I had a similar reaction to the first of the larger plates which came with these two: the Enmoladas de Pato. The mole nixta that the enchiladas (three to the order) were sitting on was outstanding and the tortillas were excellent as well; however, the duck confit again seemed like it had dried out too much and didn’t really register very strongly as duck. The second large plate we got, on the recommendation of our server, was the Pescado a la Veracruzana, which featured black cod wrapped in hoja santa leaves on a pool of tomato fume with olives and potatoes. The fish was perfectly cooked and the dish came together very well. The plate was sitting on top of a piece of folded cloth which contained two warm tortillas.

And so to dessert. We were looking forward to trying their Flan de Mamey but, alas, they were out. To console ourselves we got one of each of all the others. The Tres Leches, with pineapple and coconut, was described by one of the party as tasting like a pina colada (this was not meant as a criticism). The Sondae, two large scoops of cactus sorbet in a crisp hibiscus tostada resting on cubed xoconostle, was even better. The pick of the round, however, was the audacious, unlikely and utterly delicious Mole, which is basically a dessert chile relleno. It features a roasted pasilla chile filled with chocolate mousse and topped with peanut brittle. It was served with slices of caramelized banana and the whole was just outstanding.

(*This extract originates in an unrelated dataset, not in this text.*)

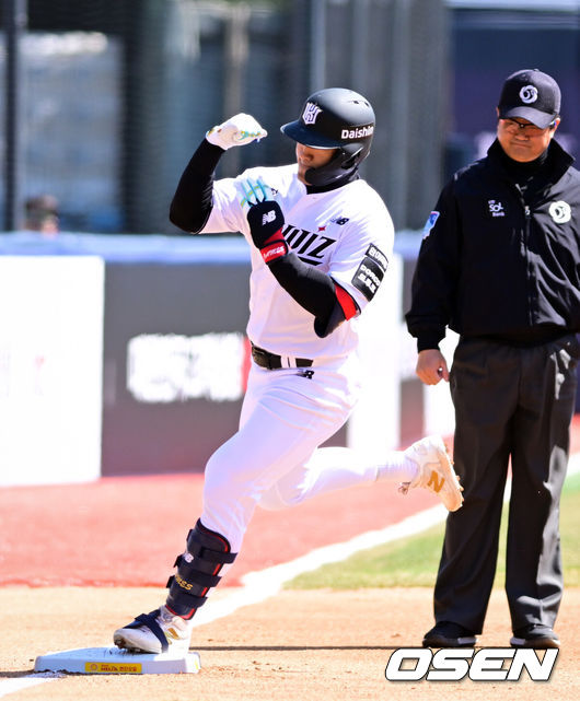 KT는 1회말 2사에서 안현민이 선제 솔로홈런을 쏘아올리며 기선을 제압했다. 키움은 3회초 2사에서 이주형이 솔로홈런으로 응수했다. KT는 4회말 1사에서 김상수가 안타를 때려냈고 허경민이 2루타를 날리며 1사 2, 3루 찬스를 연결했다. 한승택은 1타점 희생플라이를 쳐 KT가 다시 2-1로 앞서나갔다.
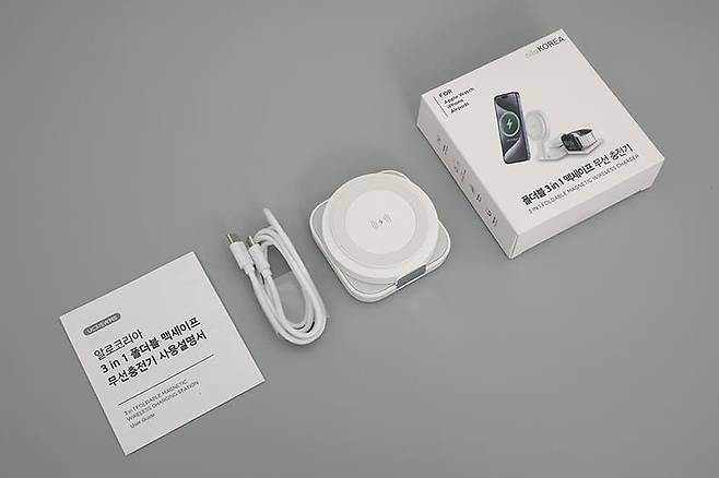 박스 안에는 구성품으로 알로코리아 폴더블 맥세이프 무선 충전기 UC315WMS 본체와 USB 케이블, 그리고 사용 설명서가 담겨 있다. USB 케이블은 CtoC 케이블로, 최대 60W를 지원하는 제품이 제공된다.

Oh yes, drinks. One of our friends tried and liked their horchata; the other got a beer. The missus and I got a cocktail each. Both her margarita and my Oaxacan Old Fashioned (with mezcal) were fine but nothing very special.

For a look at what we ate and drank, click on an image below to launch a larger slideshow. Scroll down for thoughts on service and to see how much it all cost.

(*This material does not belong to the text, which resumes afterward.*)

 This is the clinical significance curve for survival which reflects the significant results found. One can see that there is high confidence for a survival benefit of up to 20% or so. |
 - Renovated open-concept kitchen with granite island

Service was very friendly and very informative. However, the meal was not paced well. When we ordered, our server told us he would send out the three botanas as starters and then the four other dishes as a shareable main course once we were done. In practice, however, three of the larger plates showed up before we were even halfway into the botanas. This meant we had to first cram a lot of plates onto the not-very-large table and then finish some things in a hurry before the fourth larger plate showed up. And all of this happened in just about an hour. A more relaxed pace with better spacing would have made for an even better meal. Dessert came out quite quickly as well but then it took a really long time for the check to appear (after a lot of waiting we had to track our server down to ask for it).

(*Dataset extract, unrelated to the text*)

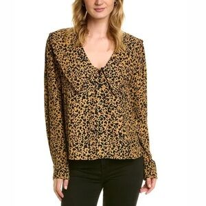 WAYF Top Esther Collar Cheetah Print Blouse Ruffled Pointed Collar
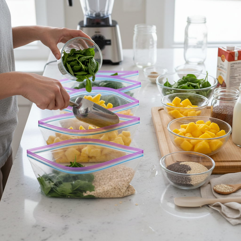 This is the ultimate meal prep hack for busy people. On Sunday, set up an assembly line. Get out a bunch of freezer-safe bags or containers. In each one, portion out all the solid ingredients for a single smoothie (e.g., frozen banana, oats, spinach, berries). Label them and toss them in the freezer. In the morning, all you have to do is dump one pack into the blender, add your liquid and your protein base (yogurt/tofu), and blend. No chopping, no measuring, no thinking required.

No complaints about the price though. With drinks, tax and tip (there’s an automatic 18% service charge to which we added some more) the total came to just a bit short of $60/head. Which is just a screaming deal for the quality of the food. We’d been thinking about trying Colita again this winter before leaving on our next round of travels but now we can’t think of why we would ever go to Colita over Oro.  We liked both our meals at Petite Leon a lot (here and here) but Oro is much more directly centered in Mexican cuisine than Petite Leon, which seems more Mexican-inspired by comparison. But the two make a good one-two punch. And with Popol Vuh now just a memory, it is good to see Mexican chefs helming high(er) end Mexican restaurants in the Twin Cities.

Oro was full when we were there—reservations are recommended though they do still take walk-ins on a first-come, first-served basis—and I can only hope this popularity will continue. The food deserves it and hopefully the Twin Cities food scene will support it. We were told the menu turns over every couple of months or so. Alas, this means the next major change will be in January when we’ll be gone; otherwise, there’s a good chance we’d have gone back as early as December. But we’ll be there again in April for sure, when we’re back in Minnesota.

Okay, what next on the restaurant report front? You may have noticed that I had no Ireland and Italy reports last week/weekend. Things got a little harried at work. I’m hoping to get back to those reports this week. I’m not sure yet where our Twin Cities eating out will take us this weekend but I hope to have another Twin Cities report next Tuesday—perhaps from St. Paul.